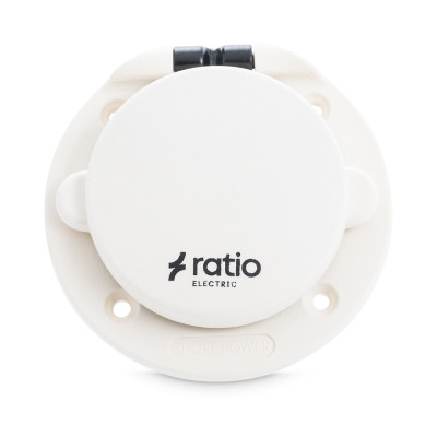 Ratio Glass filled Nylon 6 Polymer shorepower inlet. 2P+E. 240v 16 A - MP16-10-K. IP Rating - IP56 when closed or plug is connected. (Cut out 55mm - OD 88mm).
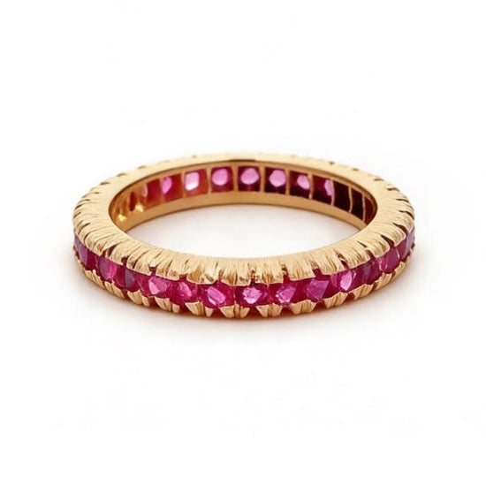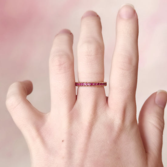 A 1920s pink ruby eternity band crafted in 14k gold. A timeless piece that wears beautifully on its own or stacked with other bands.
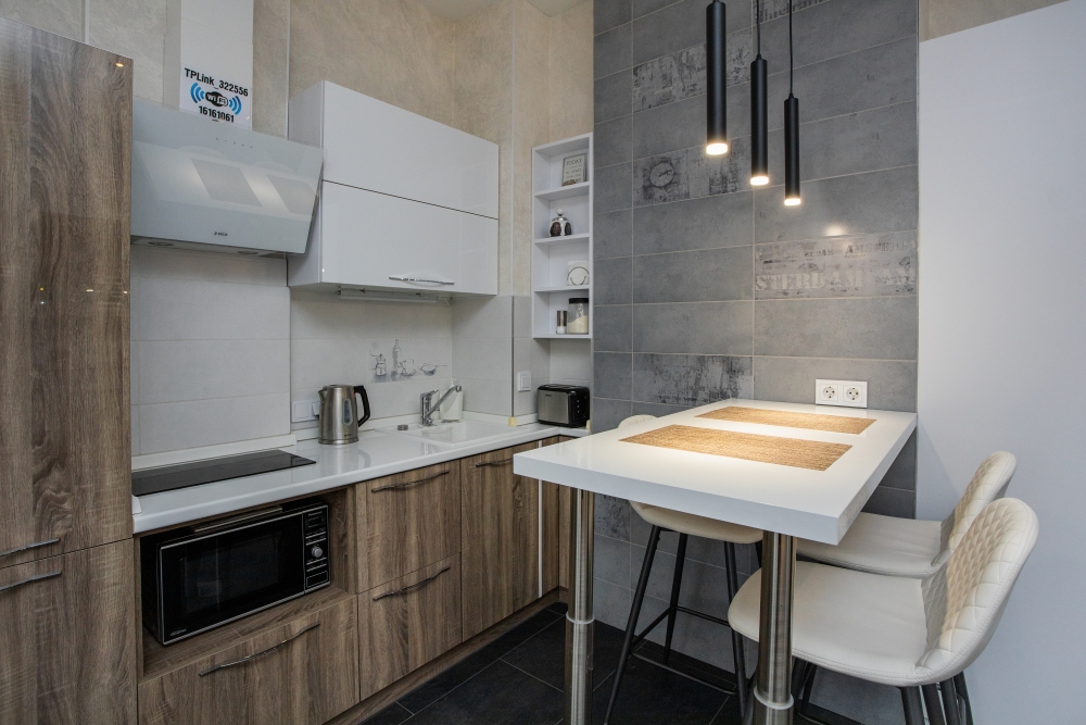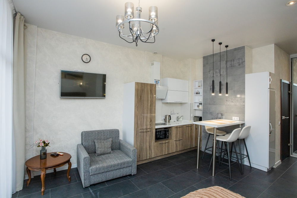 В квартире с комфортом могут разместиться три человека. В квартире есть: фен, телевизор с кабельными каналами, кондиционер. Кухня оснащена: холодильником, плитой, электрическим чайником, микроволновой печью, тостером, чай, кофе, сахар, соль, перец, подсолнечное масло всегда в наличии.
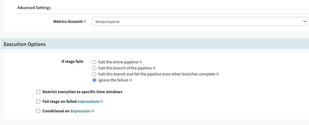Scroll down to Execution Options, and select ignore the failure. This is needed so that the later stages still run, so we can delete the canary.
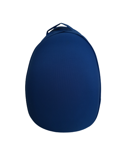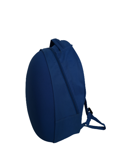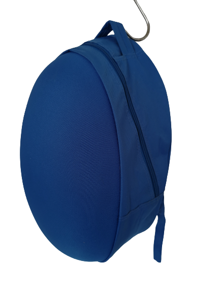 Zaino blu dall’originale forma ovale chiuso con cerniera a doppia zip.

* * *

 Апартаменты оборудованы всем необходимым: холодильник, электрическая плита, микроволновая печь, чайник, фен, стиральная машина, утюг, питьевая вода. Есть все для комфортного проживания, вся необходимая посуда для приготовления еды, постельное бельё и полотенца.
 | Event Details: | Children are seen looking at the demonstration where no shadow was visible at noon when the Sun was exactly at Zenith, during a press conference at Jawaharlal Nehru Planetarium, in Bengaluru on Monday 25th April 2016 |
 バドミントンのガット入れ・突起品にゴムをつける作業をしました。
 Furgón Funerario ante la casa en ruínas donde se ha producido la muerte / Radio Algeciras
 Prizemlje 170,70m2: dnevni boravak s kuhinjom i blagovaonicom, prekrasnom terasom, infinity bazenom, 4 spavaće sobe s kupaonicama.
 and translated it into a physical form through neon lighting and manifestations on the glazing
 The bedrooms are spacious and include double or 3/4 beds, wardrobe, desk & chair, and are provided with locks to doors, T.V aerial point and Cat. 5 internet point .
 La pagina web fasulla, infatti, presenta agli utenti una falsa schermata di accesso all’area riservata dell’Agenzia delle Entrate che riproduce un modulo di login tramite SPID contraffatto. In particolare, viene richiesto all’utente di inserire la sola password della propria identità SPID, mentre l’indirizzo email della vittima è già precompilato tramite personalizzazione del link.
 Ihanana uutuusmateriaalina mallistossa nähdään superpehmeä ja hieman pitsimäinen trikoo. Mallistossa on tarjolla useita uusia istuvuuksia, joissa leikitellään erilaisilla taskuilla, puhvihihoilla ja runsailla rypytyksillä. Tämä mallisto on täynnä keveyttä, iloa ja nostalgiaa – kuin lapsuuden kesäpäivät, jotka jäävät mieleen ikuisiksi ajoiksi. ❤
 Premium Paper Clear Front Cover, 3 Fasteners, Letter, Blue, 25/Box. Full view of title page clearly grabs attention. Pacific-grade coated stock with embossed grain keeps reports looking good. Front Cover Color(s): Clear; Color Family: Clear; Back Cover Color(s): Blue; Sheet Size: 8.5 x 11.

Prompt
Reproduce every line of the material above that has the string "looking".

Solution
 | Event Details: | Children are seen looking at the demonstration where no shadow was visible at noon when the Sun was exactly at Zenith, during a press conference at Jawaharlal Nehru Planetarium, in Bengaluru on Monday 25th April 2016 |
 Premium Paper Clear Front Cover, 3 Fasteners, Letter, Blue, 25/Box. Full view of title page clearly grabs attention. Pacific-grade coated stock with embossed grain keeps reports looking good. Front Cover Color(s): Clear; Color Family: Clear; Back Cover Color(s): Blue; Sheet Size: 8.5 x 11.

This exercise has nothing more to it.